• WHAT IS NEEDED
With the pictures left out, please return exactly the line holding "Bring the supernatural" and each following line until the entries end.
<<<<
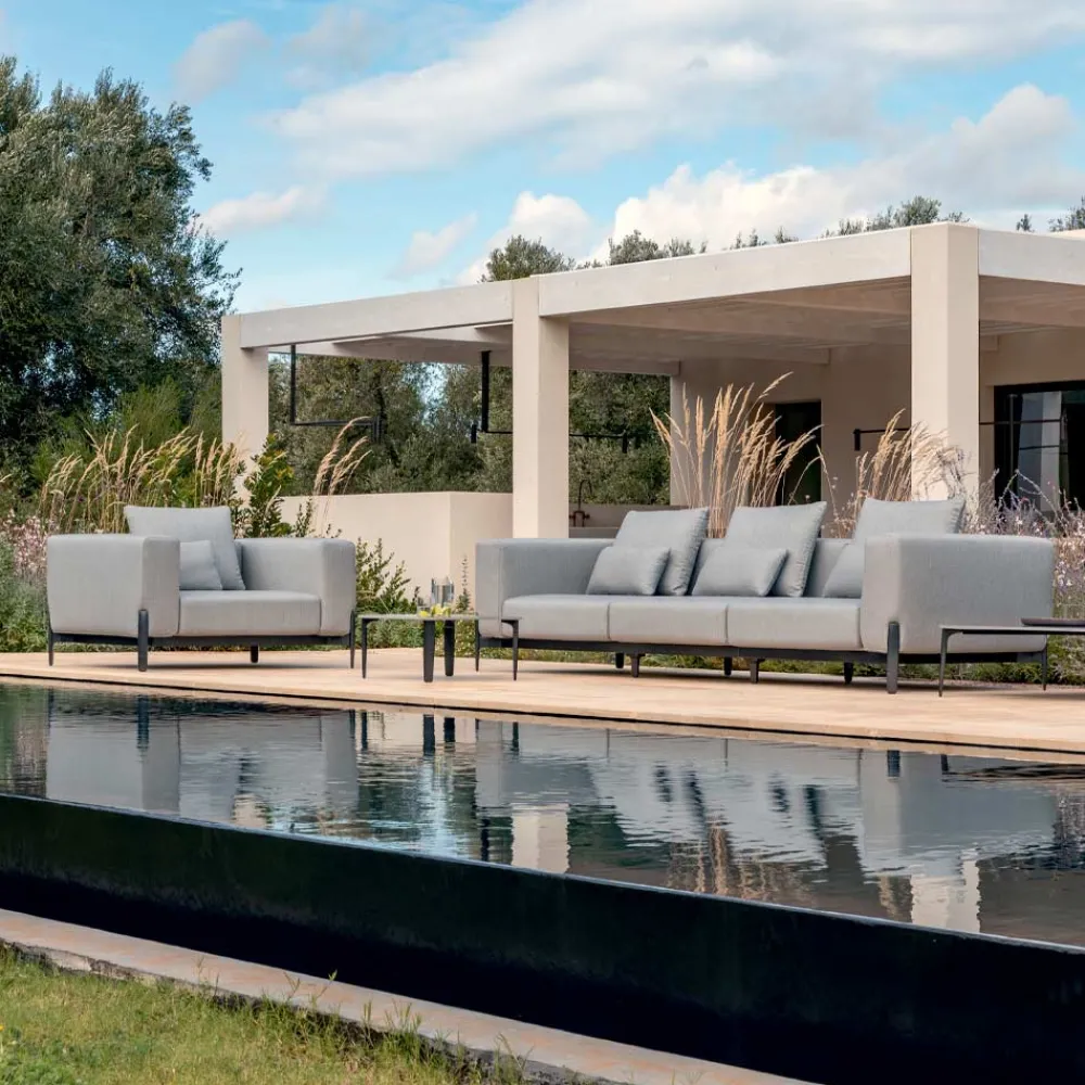 Die Kollektion zeichnet sich durch das Detail des Aluminiumbeins als Mittelpunkt aus, kombiniert mit der formalen und modularen Strenge der Polsterung, um die Natur in Bezug auf maximale Entspannung und Geselligkeit zu erleben, auf dem Sofa sitzend, um einen Tisch herum oder auf dem Tisch liegend Sonnenbank. .
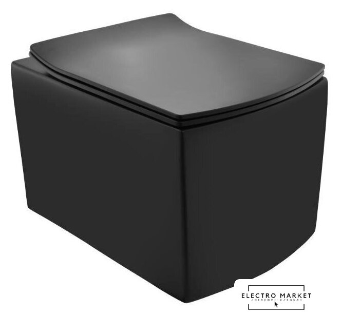 подвесной, конструкция: без бачка, задний подвод воды, горизонтальный выпуск, двухрежимный слив, с сиденьем, безободковый
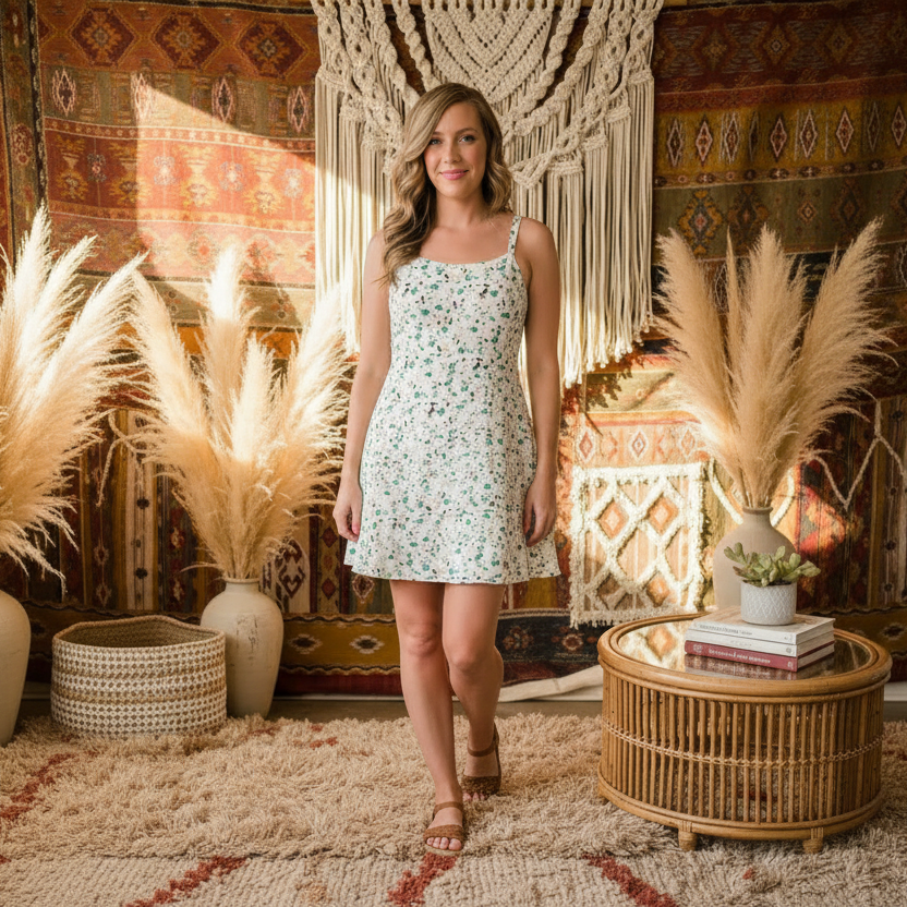 Introducing our Navy Cross Back Dress – the epitome of casual chic! Embrace the carefree spirit with this essential addition to your wardrobe. Crafted from a breathable and comfortable fabric, this dress ensures you stay cool and confident all day long. Its bra-friendly shoulder straps and removable cup inserts provide extra support, while the side seam pockets offer convenience without sacrificing style. Turn heads with the flirtatious side slit and show off the unique cross-back detail, featuring an elastic peek-a-boo design. Effortless elegance has never been this playful!
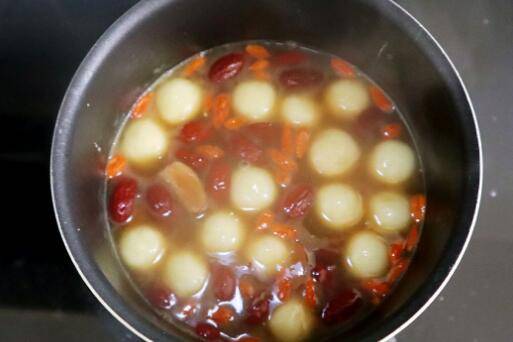 6、再放入山药糯米小圆子,煮几分钟,圆子飘起来。
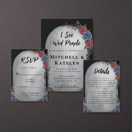 Bring the supernatural to your wedding night with this frightful "I See Wed People" table number. With it's headstone and moody blue and red floral arrangements, it's the perfect stationary to prepare for a haunted Halloween wedding extravaganza. Perfect for couples who plan to tie the knot in the spooky season or for anyone who loves a gothic twist.
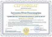 За результатами курсу Юлія Загуменна перейшла на наступний рівень проходження підвищення кваліфікації та отримала підсумковий сертифікат за базовим рівнем, що засвідчує успішне проходження програми підвищення кваліфікації (тривалість навчання склала 30 годин (1 кредит ECTS)).
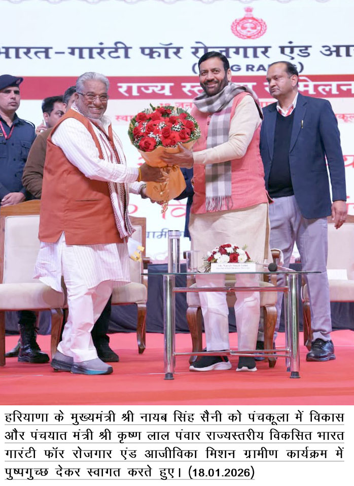 ਸ਼੍ਰੀ ਨਾਇਬ ਸਿੰਘ ਸੈਣੀ ਐਤਵਾਰ ਨੂੰ ਪੰਚਕੂਲਾ ਦੇ ਇੰਦਰਧਨੁਸ਼ ਆਡੀਟੋਰੀਅਮ ਵਿਖੇ ਵਿਕਾਸ ਭਾਰਤ – ਰੁਜ਼ਗਾਰ ਅਤੇ ਆਜੀਵਿਕਾ ਮਿਸ਼ਨ ਗ੍ਰਾਮੀਣ (ਵੀਬੀਜੀ ਰਾਮ ਜੀ) ਰਾਜ ਪੱਧਰੀ ਕਾਨਫਰੰਸ ਵਿੱਚ ਮੌਜੂਦ ਮਜ਼ਦੂਰਾਂ ਨੂੰ ਸੰਬੋਧਨ ਕਰ ਰਹੇ ਸਨ। ਇਸ ਮੌਕੇ ਵਿਕਾਸ ਅਤੇ ਪੰਚਾਇਤ ਮੰਤਰੀ ਕ੍ਰਿਸ਼ਨ ਲਾਲ ਪੰਵਾਰ ਅਤੇ ਸਮਾਜਿਕ ਨਿਆਂ ਅਤੇ ਸਸ਼ਕਤੀਕਰਨ ਮੰਤਰੀ ਕ੍ਰਿਸ਼ਨਾ ਬੇਦੀ ਵੀ ਮੌਜੂਦ ਸਨ।
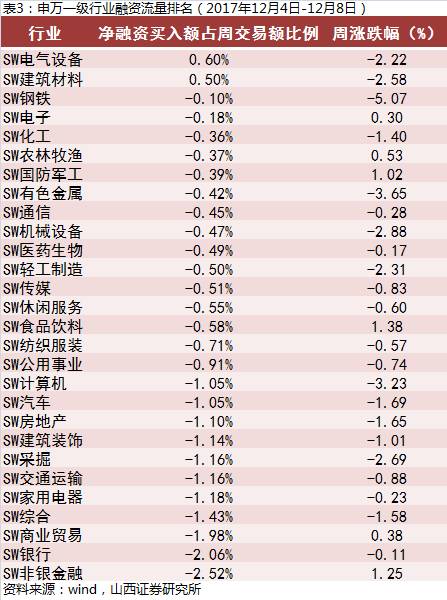 行业方面,若以融资净买入额占周交易额的比例作为看多指标,2017年12月4日-12月8日期间行业净融资买入占周交易额比例前五的行业中仅有电器设备和建筑材料为正数值,一周涨跌幅分别为-2.22%、-2.58%。
>>>>
• ANSWER FOR THIS EXERCISE
 Bring the supernatural to your wedding night with this frightful "I See Wed People" table number. With it's headstone and moody blue and red floral arrangements, it's the perfect stationary to prepare for a haunted Halloween wedding extravaganza. Perfect for couples who plan to tie the knot in the spooky season or for anyone who loves a gothic twist.
 За результатами курсу Юлія Загуменна перейшла на наступний рівень проходження підвищення кваліфікації та отримала підсумковий сертифікат за базовим рівнем, що засвідчує успішне проходження програми підвищення кваліфікації (тривалість навчання склала 30 годин (1 кредит ECTS)).
 ਸ਼੍ਰੀ ਨਾਇਬ ਸਿੰਘ ਸੈਣੀ ਐਤਵਾਰ ਨੂੰ ਪੰਚਕੂਲਾ ਦੇ ਇੰਦਰਧਨੁਸ਼ ਆਡੀਟੋਰੀਅਮ ਵਿਖੇ ਵਿਕਾਸ ਭਾਰਤ – ਰੁਜ਼ਗਾਰ ਅਤੇ ਆਜੀਵਿਕਾ ਮਿਸ਼ਨ ਗ੍ਰਾਮੀਣ (ਵੀਬੀਜੀ ਰਾਮ ਜੀ) ਰਾਜ ਪੱਧਰੀ ਕਾਨਫਰੰਸ ਵਿੱਚ ਮੌਜੂਦ ਮਜ਼ਦੂਰਾਂ ਨੂੰ ਸੰਬੋਧਨ ਕਰ ਰਹੇ ਸਨ। ਇਸ ਮੌਕੇ ਵਿਕਾਸ ਅਤੇ ਪੰਚਾਇਤ ਮੰਤਰੀ ਕ੍ਰਿਸ਼ਨ ਲਾਲ ਪੰਵਾਰ ਅਤੇ ਸਮਾਜਿਕ ਨਿਆਂ ਅਤੇ ਸਸ਼ਕਤੀਕਰਨ ਮੰਤਰੀ ਕ੍ਰਿਸ਼ਨਾ ਬੇਦੀ ਵੀ ਮੌਜੂਦ ਸਨ।
 行业方面,若以融资净买入额占周交易额的比例作为看多指标,2017年12月4日-12月8日期间行业净融资买入占周交易额比例前五的行业中仅有电器设备和建筑材料为正数值,一周涨跌幅分别为-2.22%、-2.58%。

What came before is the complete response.